Robert Wallpaper

A Day in the Life of Robert

Meet Robert, and find out what it's like to be a Creative here at Animade.

1. What does your role as a Creative entail?

I've recently transitioned from a junior role, which was focused on the meat of the creative work, towards the mid role - this has more of an emphasis on directing small teams, leading other creatives, and presenting to clients.

2. What does a typical day look like for you?

I start with porridge, a black coffee, and a whole orange. After meetings and briefings, it’s off to the races! I’m drawing, concepting, writing, storyboarding, editing, and animating, all while providing feedback and directing others. Mix in a few more coffees, some music and a podcast or two, a few weeks later a project will arrive fully formed.

3. What are the most exciting aspects of your role?

I’ll tell you in a few months when I'm more used to it! But in general, being a creative of any level is exciting in itself as I get to take things from a few concept sketches to a finished animation. There really is something a little bit magical about it, no matter how many times it happens.

4. How did you get into this field?

I was obsessed with animation as a kid and after trying a bunch of creative outlets as a teen, this was the one that stuck. When it came time to finish high school, Edinburgh College of Art offered an animation program that I really fancied, and as a Scottish citizen, I was incredibly lucky to have studied there for free. The course really prioritised independence, self-sufficiency, and creative freedom, which could be quite a challenging environment, but I felt this set me up for this creative industry. I graduated from there and after a brief stint of bar work, I was able to exercise some connections from school and weasel my way into my first studio. After hopping between a few more, here I am today!

5. What do you like most about working in the creative industry?

For me, the community means a lot. There are so many like-minded people with a diverse range of ideas in the industry, and meeting them, becoming close to them, and creating alongside them is incredibly fulfilling. But also, if I have to work to pay rent I may as well do it by drawing silly little characters right?
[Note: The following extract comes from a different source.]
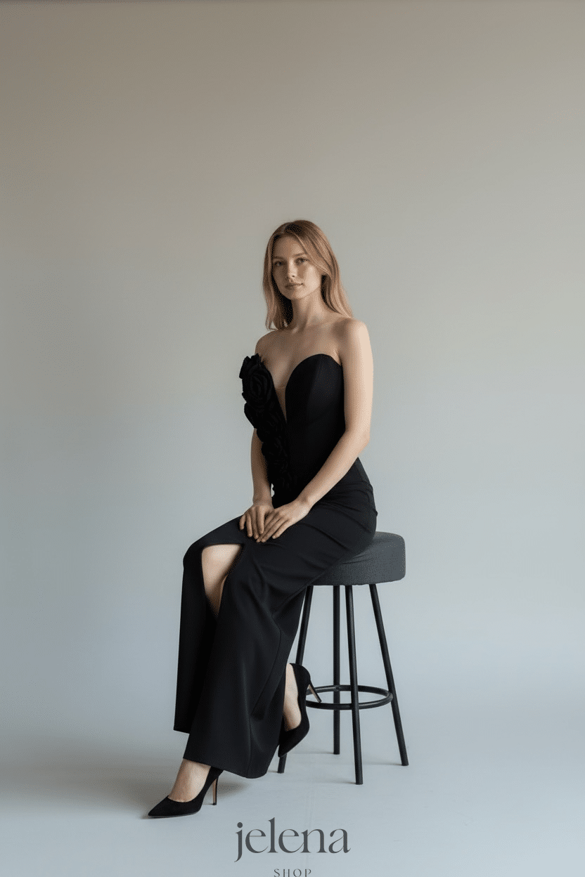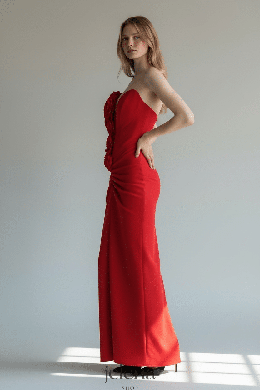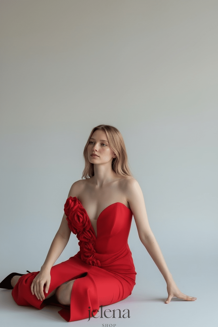 Ekskluzivna haljina upečatljivog dizajna dostupna u crnoj i crvenoj boji, stvorena za posebne prilike. Gornji dio bez bretela sa elegantnim izrezom naglašava dekolte, dok bogat dekor u vidu ruža daje luksuzan i jedinstven izgled. Drapirani detalji u predjelu struka savršeno oblikuju siluetu i dodatno ističu figuru. Izrađena od kvalitetnog i divnog materijala koji lijepo pada i pruža osjećaj elegancije i udobnosti.

6. What is your most memorable project and why?

My most memorable project for Animade was our work with NAM Aidsmap, the U=U project. This was an issue I cared about deeply, and I thought it would be good to use our platform at Animade to share a really important public health message in an engaging and approachable way. It had an incredible reach, and it’s something that I hope will have helped reduce HIV and AIDS stigma.

7. What advice would you give to someone who wants to go into Animation?

ABD - Always be drawing. I’m guilty of not doing it though so if you don’t, no sweat. ABA - Always be absorbing. Surround yourself with things that inspire you. You can’t breathe out before first breathing in. Lastly, have patience. This stuff takes a long time. Projects you love may not see the light of days for weeks, months, or years.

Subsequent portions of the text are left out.